# Plastisol transfers vs heat press transfer and screenprint



## triplebtees (Jun 3, 2005)

What i'm trying to say is, are the Plastisol transfers that much better than heat press tranfers? From what i have read i believe they are better than the opaque paper. Also, how do the plastisol transfers compare to screenprinting? I have been doing the heat press on white tees only, and i really want to expand and start printing on colored tees. I don't know if it is worth it to purchase the screen printing equipment, or to give the plastisol's a try? Any advice?


----------



## Rodney (Nov 3, 2004)

There are a few posts in the heat press forum about plastisol quality. Have you read through some of those?

I think it depends on your designs, but I think plastisol transfers look pretty good on dark garments.


----------



## 2graphica (Jul 6, 2006)

A big thing people seem to miss is that Plastisol transfers _are_ screenprinting, it doesn't seem to have the slightly rougher feel of screen printing directly to garment with plastisol inks, because of the way it is made it seems it has a flatter feel.

My tests with plastisol have resulted in really awesome results.


----------



## badalou (Mar 19, 2006)

you can see my test. I have changed my whole business plan because I found out about plasisol. I picked up another school today.. Yippeee


----------



## MotoskinGraphix (Apr 28, 2006)

badalou said:


> you can see my test. I have changed my whole business plan because I found out about plasisol. I picked up another school today.. Yippeee


Same for me with the business plan changing. I have a big test this weekend at an event so I will know more on Monday. Plastisol, stock and custom my well be exactly what I was looking for to really get shirt motivated.


----------



## jacsma (May 14, 2006)

I just can't seem to get myself going on the plastisol OR vinyl. This is exactly what I need - I know, but all of the techno talk intimidates me. I don't use a 'professional' program like Corel or Illustrator or whatever. Most of my designs aren't done as vector graphics but on a simple desktop publishing program and saved as jpegs. 
Doesn't this limit me as to whether I can use the plotter/cutter, as well as the plastisols? 
Where do I go from here?


----------



## badalou (Mar 19, 2006)

Yes it does is the simple answer. But it is not the final answer. You may be able to send it to one of us and what we could do is trace it for you and send it back to you as an AI (illustrator or Tiff file which you save on your computer. You would send the file as it is to the company doing your transfers. Now does your designs have more that one color? If you send a design to a company like First edition they will tell if they need to do anything with the design and may charge for art work. They are great for giving info on the phone. call and ask for Janet.. I went through all this myself as I only saved everything in JPG now I save in Tiff and I am learning my illustrator. You may want to look into xara.com as they have a vector program I think for $79.00 dollars and you can download and use for 15 days. Hope this helps. Lou


----------



## Rodney (Nov 3, 2004)

> Doesn't this limit me as to whether I can use the plotter/cutter, as well as the plastisols?
> Where do I go from here?


Not necessarily. You can have your designs converted to vector graphics by places like artworksource or vectordoctor. 

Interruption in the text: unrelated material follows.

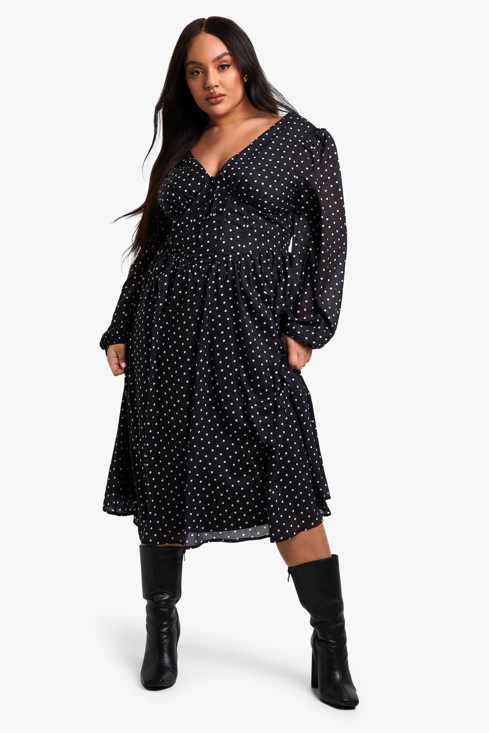 Plus geweven polkadot Milkmaid Midi Skater jurk
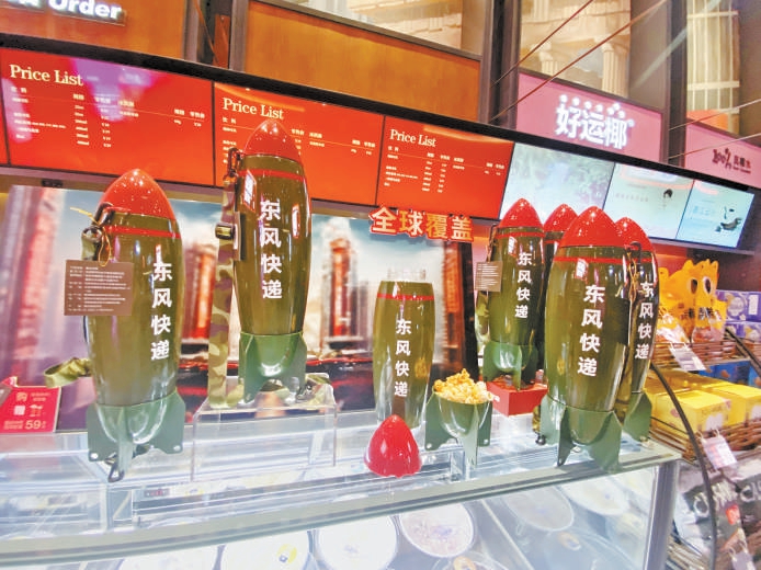 记者在现场看到,万达影城推出了一款“东风快递”爆米花桶联名周边产品,采用马口铁材质,还原导弹造型,兼具实用性和纪念意义,观众凭影票可享专属福利价59.9元。现场一个小男孩在拿到这个爆米花桶后爱不释手地玩了起来,他的父亲张先生告诉记者,这次看的是陈凯歌执导的电影《志愿军:浴血和平》,“这个爆米花桶非常贴合这部影片的主题,也让孩子从小能接受爱国主义教育。”

Some places don't require vector graphics. 

So from here, if you already have a heat press, you could find a plastisol printer and just ask them what file format you need to send them to get some plastisol transfers made of your design(s).


----------



## MotoskinGraphix (Apr 28, 2006)

I would get and learn a program like corel or others if you want to really get into t-shirts or design etc. When I started my vinyl graphics business...I had already booked 4 large tuner car shows. I had the plotter, flexi, corel, AI five days before my first event. Talk about a crash course in technology and under the gun. I like setting goals...this one rather extreme but everything went pretty good and now we do t-shirts and new for me are plastisol transfers. Now Josh is getting me jammed with these new optical cutters.


----------



## TeeShirtSamurai (Feb 8, 2006)

Plastisol is amazing and I can't imagine printing out my own transfers (nothing against those that do). The quality is wonderful, I can barely feel the transfer at all on the shirt.

Please don't limit yourself because you are intimidated by something new. Once you learn the process of creating the correct format for your graphics (it's really very simple) then you are on your way.

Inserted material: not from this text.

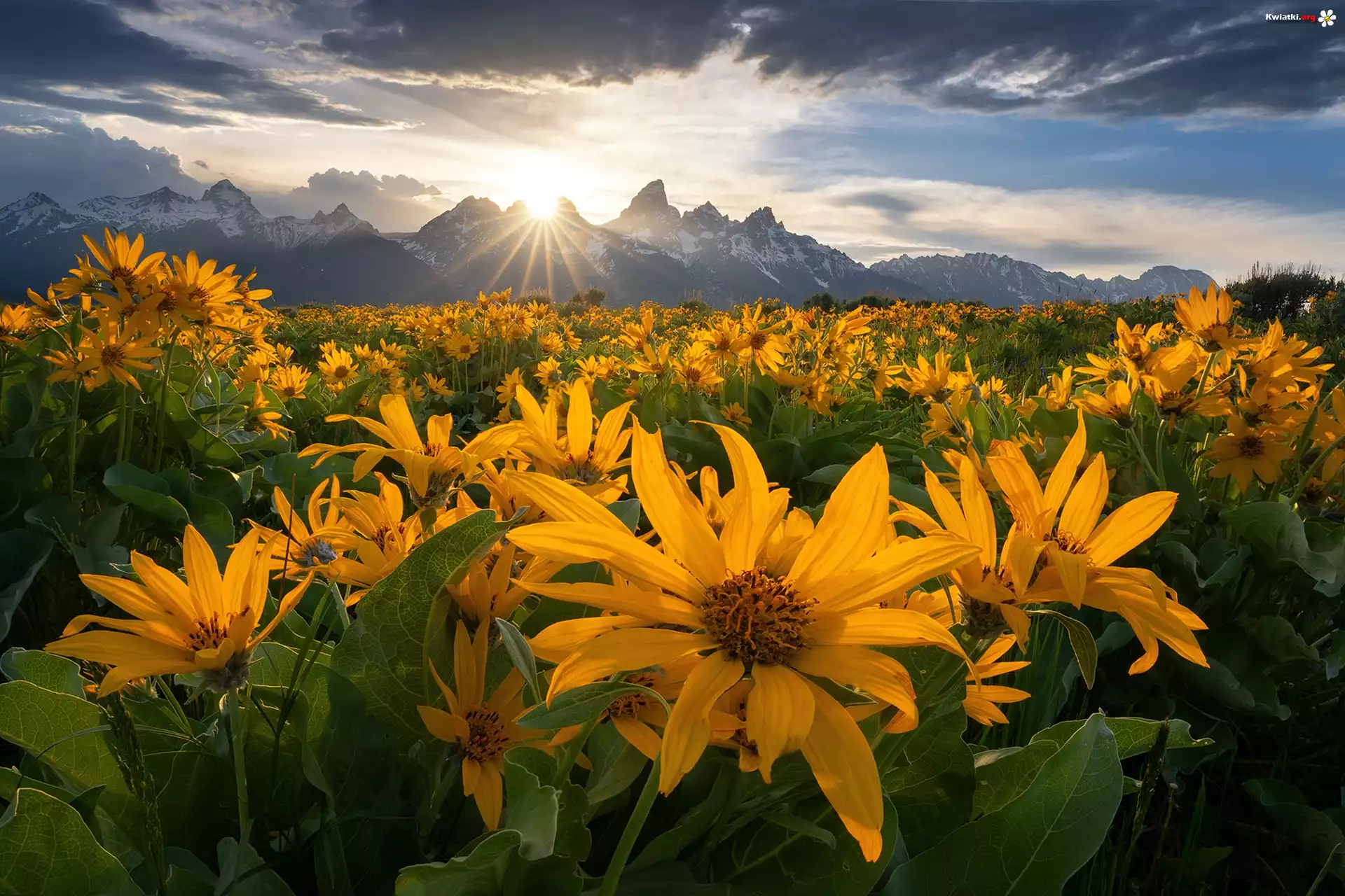 Stany Zjednoczone, Stan Wyoming, Park Narodowy Grand Teton, Góry, Łąka, Kwiaty, Balsamorhiza, Chmury - Zdjęcia |

Do yourself a favor and at least order some samples from some of the places mentioned in the forums (do a search for plastisol samples).


----------



## BadBoyzShirts (Jul 14, 2006)

We have been printing plastisol ink on t-shirts and sweatshirts for two years.
Nothing else we have used comes close to the feel and look on the shirt.
We do white plastisol ink on Cardinel and Maroon shirts as well with great results. For us they are the way to go.


----------



## jacsma (May 14, 2006)

Thanks a bunch y'all. Guess there's really no way around it - I'm gonna have to take the plunge. I'll keep ya updated on my progress, however slow it may be.


----------